In the 18th century, the great capitals of Europe were drowning in their own filth. London and Paris were festering cesspools where waste flowed freely through the streets, breeding devastating outbreaks of cholera and plague.

Halfway across the world, the Japanese capital of Edo (modern-day Tokyo) faced an even greater demographic nightmare. With a population swelling past one million, the city was a sprawling, tightly packed metropolis. By all conventional logic of urban planning, Edo should have been a ticking time bomb of disease.

Instead, it was spotless.

The secret to Edo’s pristine streets wasn’t a grand philosophical commitment to hygiene. It was a ruthless, fiercely guarded underground economy—one that sparked violent turf wars, birthed powerful cartels, and inadvertently saved millions of lives. The commodity at the center of this cutthroat trade? Human waste.

The Million-Person Ticking Time Bomb

To feed a million mouths, the agricultural lands surrounding Edo required an astronomical amount of fertilizer. The solution was shimogoe—literally translated as “fertilizer from the bottom.” Night soil.

In Edo, human excrement wasn’t trash; it was liquid gold. The demand for shimogoe became a massive economic engine, so lucrative that it dictated the very contracts citizens signed to put a roof over their heads.

Liquid Gold and the Tenement Loophole

In the complex nagaya (tenement housing) systems of Edo, the rights to human waste were strictly delineated by law. If you rented an apartment, you didn’t own your own solid waste. The landlords retained absolute ownership rights to their tenants’ feces, which they harvested and sold to specialized brokers or directly to desperate farmers.

This was no mere side hustle. The income generated from selling tenant excrement was so substantial that it often surpassed the actual rent collected. However, in a bizarre compromise of feudal tenant rights, renters were sometimes allowed to keep and sell their own urine. In the hustle culture of Edo, stockpiling your own bodily fluids was a legitimate way to make ends meet.

The Aristocratic Vintage

Not all waste was created equal. The shimogoe market operated with the ruthless efficiency and tiered pricing of a modern commodities exchange.

The value of the night soil was directly correlated to the diet of the people producing it. The latrines of a wealthy daimyo (feudal lord) or high-ranking samurai were the undisputed premium vintage of the market. Because the elite consumed nutrient-rich diets, their waste produced significantly superior fertilizer, commanding exorbitant prices.

On the other end of the spectrum, waste collected from poorer neighborhoods or prisons was considered low-tier. The sparse diets of the lower classes meant their fertilizer lacked the necessary agricultural punch, and it was sold at a steep discount. In Edo, you literally were what you ate, and the open market priced you accordingly.

Turf Wars and the Shogun’s Peace

Whenever a commodity becomes this valuable, violence inevitably follows. As Japan’s agriculture expanded to keep pace with its booming population, the demand for fertilizer began to severely outstrip the supply. The price of night soil skyrocketed.

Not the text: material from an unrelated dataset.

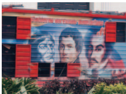
L'Etat se dit "bolivarien".

Après son échec au référendum, Chavez a connu une autre déconfiture, il n'a pu imposer de lui-même une image de médiateur dans les questions des FARC et de leurs otages. Ses appels à la reconnaissance de la dignité des FARC l'ont au contraire positionné comme allié de narco-guérilleros. Les menaces qui planent sur ses plans d'expansion, les difficultés économiques internes,

This led to intense, organized competition. Waste collectors in cities like Osaka and Edo formed ruthless guilds to protect their territories and establish iron-clad monopolies. Operating much like modern cartels, they guarded their collection routes with intimidation and brute force.

The tension finally boiled over in the 18th century. In one notable dispute in Osaka, farmers from surrounding villages decided they had suffered enough of the guilds’ price gouging and restricted access. They clashed violently with the city waste collectors in a full-blown turf war over feces. The situation escalated to the point where the shogunate magistrate had to personally intervene, quelling the violence and negotiating a formal peace treaty over poop.

An Accidental Utopia

The sheer greed and economic drive behind the shimogoe trade had a brilliant, unintended consequence.

Because every single ounce of human waste was a valuable commodity, it was meticulously collected and removed from the city. Nothing was left to rot in the streets. Nothing was allowed to seep into the drinking water. While the rest of the world was battling rampant plagues born of their own filth, Edo’s cutthroat waste cartels had accidentally created an early, highly effective model of urban sanitation and ecological recycling.

It is a perfect, striking reminder that sometimes, the most profound advancements in human history aren’t driven by grand ideals or benevolent leaders. Sometimes, they are driven by landlords and brokers fiercely guarding their right to sell the absolute bottom of the barrel.